EBOLA OUT BREAK IN AFRICA POISED TO EXPLODE
The Ebola virus
disease epidemic already devastating swaths of West Africa will likely get far
worse in the coming weeks and months unless international commitments are
significantly and immediately increased, new research led by Yale researchers
predicts.
The findings are
published in the Oct. 24 issue of The Lancet Infectious Diseases.
A team of seven
scientists from Yale's Schools of Public Health and Medicine and the Ministry
of Health and Social Welfare in Liberia developed a mathematical transmission
model of the viral disease and applied it to Liberia's most populous county,
Montserrado, an area already hard hit.
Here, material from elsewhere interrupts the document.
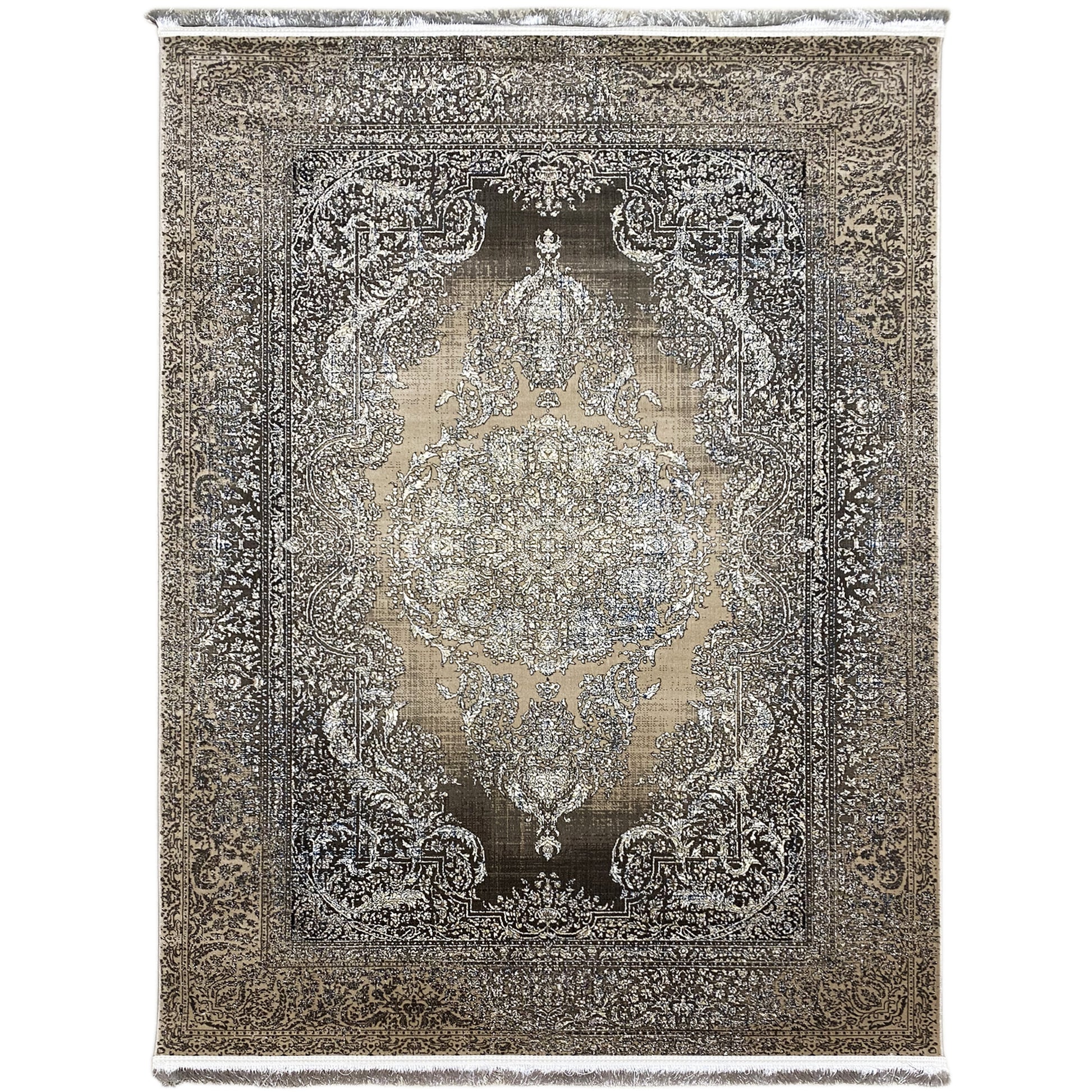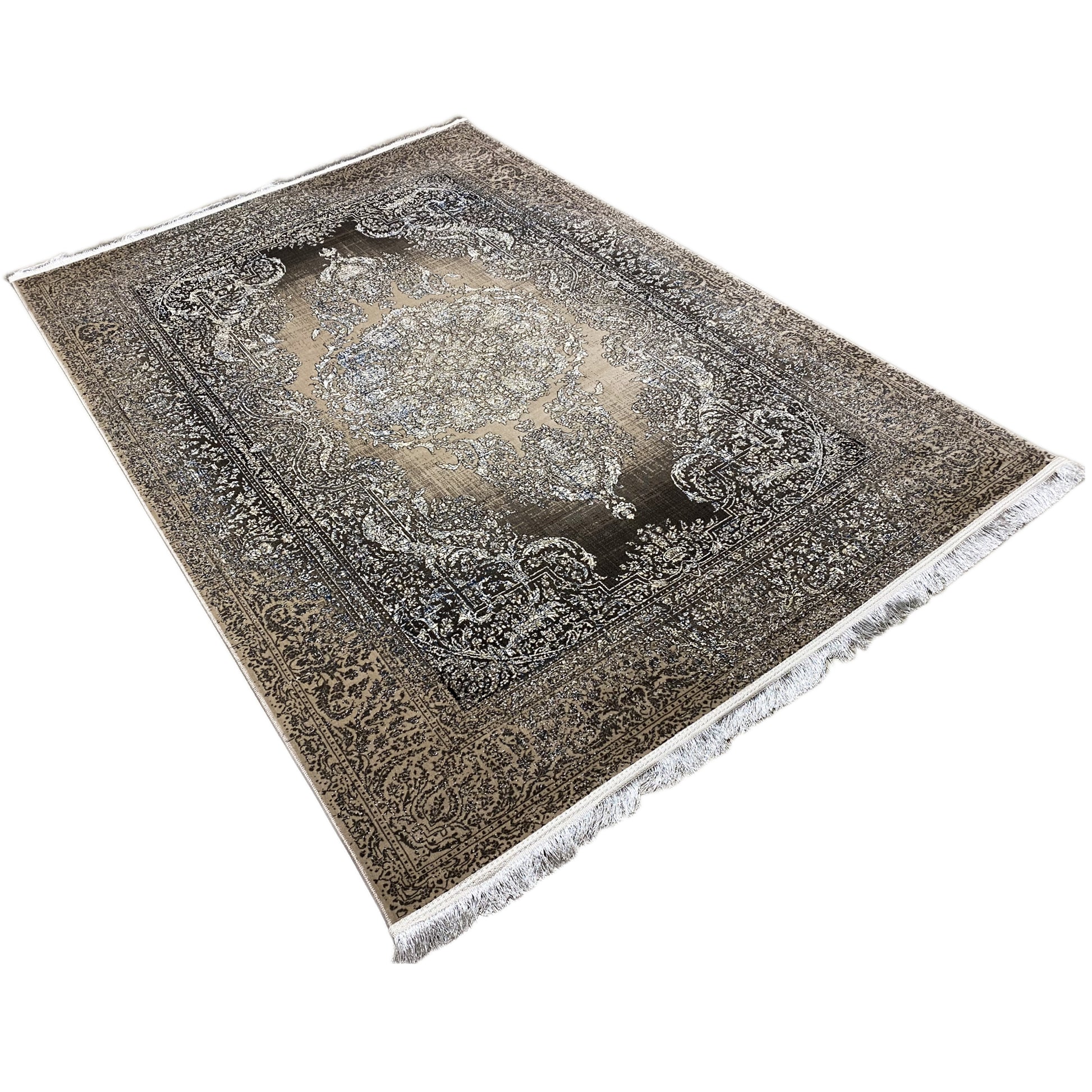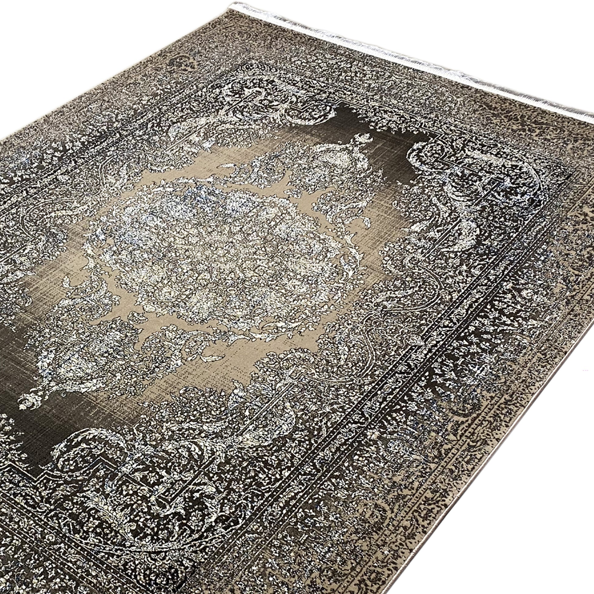 Add a touch of timeless elegance to your home with this beautiful classic rug. The artistic central medallion and the detailed pattern in shimmering silver and blue tones stand out against a smoky, subtly faded background. Made from 100% heat-treated acrylic, this soft and durable rug is perfect for high-traffic areas, combining luxurious style with modern resilience. The generous size of 170x240cm is ideal for adding an elegant focal point to your living or bedroom.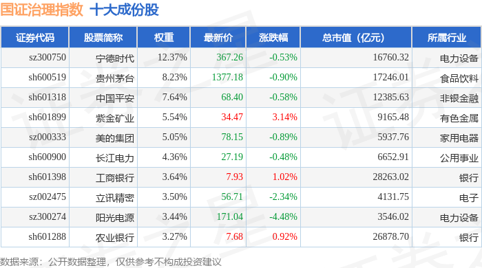 国证治理(399322)指数十大成份股详情如下:

The researchers determined that tens of
thousands of new Ebola cases -- and deaths -- are likely by Dec. 15 if the
epidemic continues on its present course.
"Our predictions
highlight the rapidly closing window of opportunity for controlling the
outbreak and averting a catastrophic toll of new Ebola cases and deaths in the
coming months," said Alison Galvani, professor of epidemiology at the
School of Public Health and the paper's senior author. "Although we might
still be within the midst of what will ultimately be viewed as the early phase
of the current outbreak, the possibility of averting calamitous repercussions
from an initially delayed and insufficient response is quickly eroding."
The model developed by
Galvani and colleagues projects as many as 170,996 total reported and
unreported cases of the disease, representing 12% of the overall population of
some 1.38 million people, and 90,122 deaths in Montserrado alone by Dec. 15. Of
these, the authors estimate 42,669 cases and 27,175 deaths will have been
reported by that time.
Much of this suffering
-- some 97,940 cases of the disease -- could be averted if the international
community steps up control measures immediately, starting Oct. 31, the model
predicts. This would require additional Ebola treatment center beds, a fivefold
increase in the speed with which cases are detected, and allocation of
protective kits to households of patients awaiting treatment center admission.
The study predicts that, at best, just over half as many cases (53,957) can be
averted if the interventions are delayed to Nov. 15. Had all of these measures
been in place by Oct. 15, the model calculates that 137,432 cases in
Montserrado could have been avoided.
There have been
approximately 9,000 reported cases and 4,500 deaths from the disease in
Liberia, Sierra Leone, and Guinea since the latest outbreak began with a case
in a toddler in rural Guinea in December 2013. For the first time cases have
been confirmed among health-care workers treating patients in the United States
and parts of Europe.
"The current
global health strategy is woefully inadequate to stop the current volatile
Ebola epidemic," co-author Dr. Frederick Altice, professor of internal
medicine and public health added. "At a minimum, capable logisticians are
needed to construct a sufficient number of Ebola treatment units in order to
avoid the unnecessary deaths of tens, if not hundreds, of thousands of
people."
Other authors include
lead author Joseph Lewnard, Martial L. Ndeffo Mbah, Jorge A. Alfaro-Murillo,
Luke Bawo, and Tolbert G. Nyenswah.
The National
Institutes of Health funded the study.